Je fais de nouvelles photos, y compris du mur de parpaings qui délimite le voisinage, et qu’il faudra repeindre. Je m’attarde au cœur de la grange, où je me projette dans le rôle du liseur, qui verrait, au-dessus des pages, les arbres frémir. Cette vision me satisfait. Je peux m’en aller, maintenant : j’ai trouvé ma scène. La dame a un peu de temps avant sa prochaine visite. Elle nous fait voir le village, où l’on ne croise âme qui vive. Elle nous signale une supérette. On devine, au loin, une église. On repart à travers champs. Je m’inquiète des forêts que l’on peut trouver par ici, et qu’elle prétend nombreuses. Il vaut mieux ne pas faire du vélo le lundi matin, quand affluent les automobilistes.

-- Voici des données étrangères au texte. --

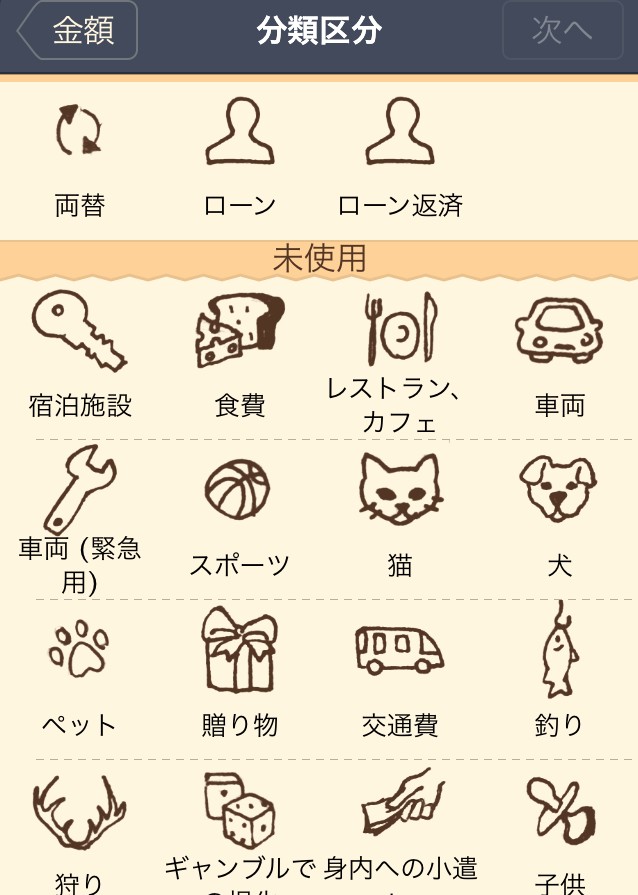 賢く家計簿2で支出や収入を計上するのに手間はかかりません。家計簿アプリをまだ使用されたことがない方の中には、家計簿アプリに難しい印象を持っている方もいるのではないでしょうか?そんな方には賢く家計簿2をオススメします。金額入力では電卓が表示され、一つの画面で支出と収入の入力をすることができます。電卓と一緒に±の表示があり、タップするだけで±の切り替えが可能です。また円だけではなく通貨単位をドルに変更することもできます。この機能は海外旅行のときに便利です。
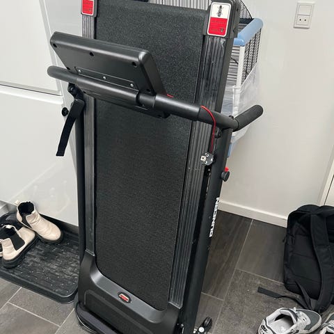 Titan TM3000S løbebånd i sort. Modellen har et digitalt betjeningspanel med drejeknap og display til styring af hastighed og funktioner. Løbebåndet har sikkerhedssnor, håndtag i begge sider og transporthjul foran, så det kan flyttes efter behov. Egnet til løbe- og gangtræning i hjemmet. Specificerede tekniske data som hastighedsinterval, motorstørrelse og løbeflade afhænger af den originale modelbeskrivelse fra producenten Titan.

Joigny est morne. Un homme, torse nu, marche à notre rencontre, tandis que nous passons le pont pour aller me chercher de quoi manger. Une femme voilée descend la rue, devant un restaurant fermé. On découvre une boulangerie ouverte. Il n’y a plus de baguettes. Je demande à l’employée pourquoi il est impossible de faire un sandwich avec un autre pain. Elle me dit que ce sont les consignes de son patron. J’achète, ailleurs, un sandwich où la mayonnaise l’emporte sur le thon. On s’installe au bord de l’Yonne, face à un paysage qui pourrait être romanesque, et qui ne produit qu’un effet de temps suspendu. Charles me dit qu’en se mettant à mon point de vue, cette maison qu’on vient de visiter “coche beaucoup de cases”. Il tique pourtant sur les voisins, lui qui connaît ma sainte horreur du bruit. J’écarte cet argument, reflet de la misanthropie qu’on évoquait. Dans le train, où il s’assoupit, je retourne à mes dieux des planches, à Max Dearly, à De Max. Dussane décrit la façon, dans Le Roi, dont celui-là jetait des épingles autour de sa partenaire Marcelle Lender, pour simuler une coiffure improvisée. J’envoie à Arthur, à ma mère, une rafale de photos de la longère, du ruisseau, de la grange. J’ai trouvé ma maison. Arthur n’est pas enthousiaste. Il me demande si je continue à écrire sur tout cela.